TASK STATEMENT » Each line below needs to be returned exactly. Skip any picture.

DATA EXCERPT »
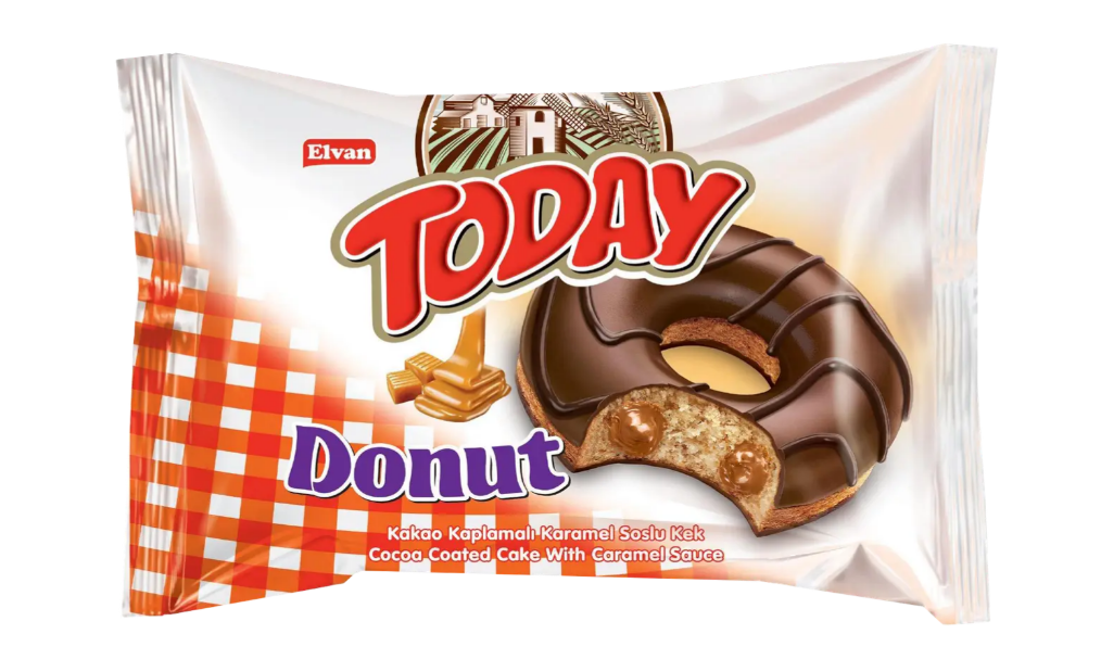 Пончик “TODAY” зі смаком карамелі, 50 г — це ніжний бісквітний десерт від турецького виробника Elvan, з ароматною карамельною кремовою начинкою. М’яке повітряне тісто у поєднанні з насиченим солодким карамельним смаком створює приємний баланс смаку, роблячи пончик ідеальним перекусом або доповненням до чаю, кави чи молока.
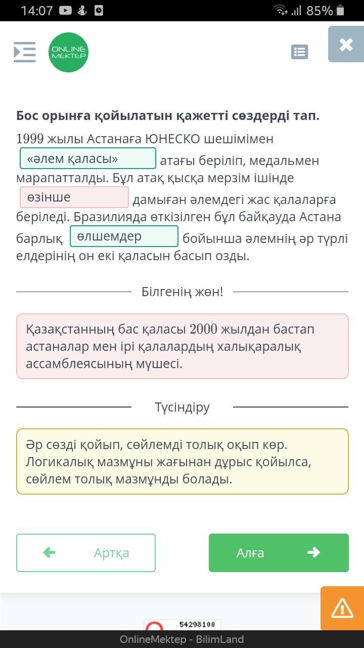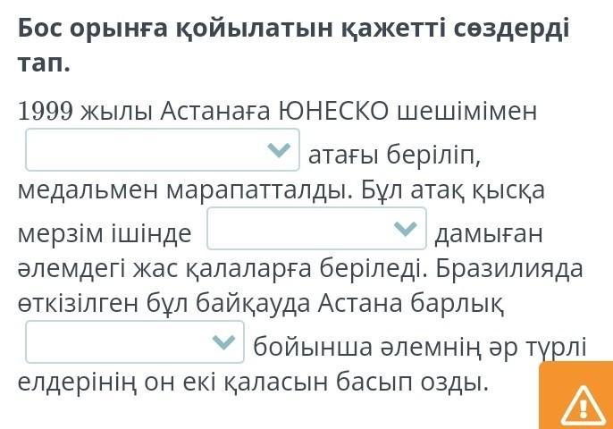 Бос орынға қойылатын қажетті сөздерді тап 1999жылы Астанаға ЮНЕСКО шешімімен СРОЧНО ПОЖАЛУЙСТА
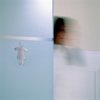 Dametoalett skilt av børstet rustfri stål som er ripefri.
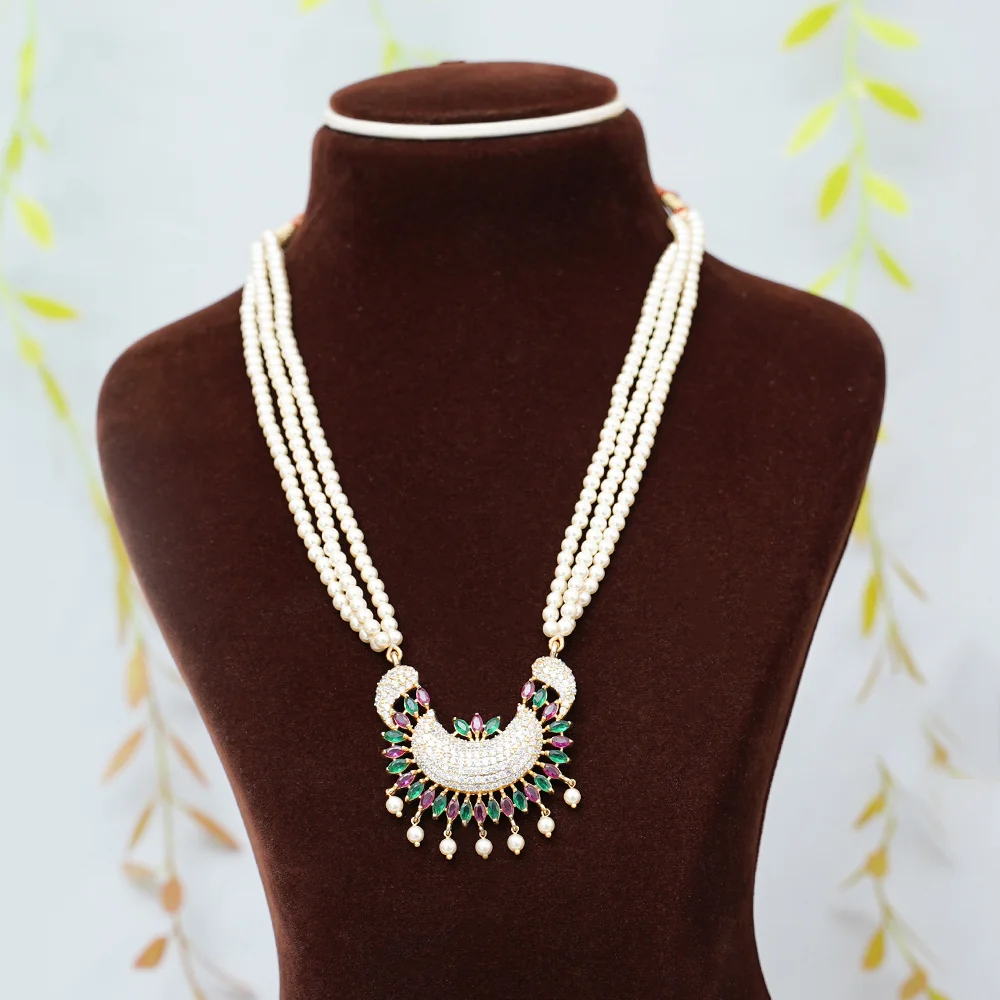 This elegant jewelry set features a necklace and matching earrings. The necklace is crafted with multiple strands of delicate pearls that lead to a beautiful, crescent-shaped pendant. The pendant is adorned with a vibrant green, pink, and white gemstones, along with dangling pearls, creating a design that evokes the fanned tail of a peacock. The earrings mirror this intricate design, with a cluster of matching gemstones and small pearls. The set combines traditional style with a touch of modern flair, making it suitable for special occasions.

TASK RESPONSE »
 Пончик “TODAY” зі смаком карамелі, 50 г — це ніжний бісквітний десерт від турецького виробника Elvan, з ароматною карамельною кремовою начинкою. М’яке повітряне тісто у поєднанні з насиченим солодким карамельним смаком створює приємний баланс смаку, роблячи пончик ідеальним перекусом або доповненням до чаю, кави чи молока.
 Бос орынға қойылатын қажетті сөздерді тап 1999жылы Астанаға ЮНЕСКО шешімімен СРОЧНО ПОЖАЛУЙСТА
 Dametoalett skilt av børstet rustfri stål som er ripefri.
 This elegant jewelry set features a necklace and matching earrings. The necklace is crafted with multiple strands of delicate pearls that lead to a beautiful, crescent-shaped pendant. The pendant is adorned with a vibrant green, pink, and white gemstones, along with dangling pearls, creating a design that evokes the fanned tail of a peacock. The earrings mirror this intricate design, with a cluster of matching gemstones and small pearls. The set combines traditional style with a touch of modern flair, making it suitable for special occasions.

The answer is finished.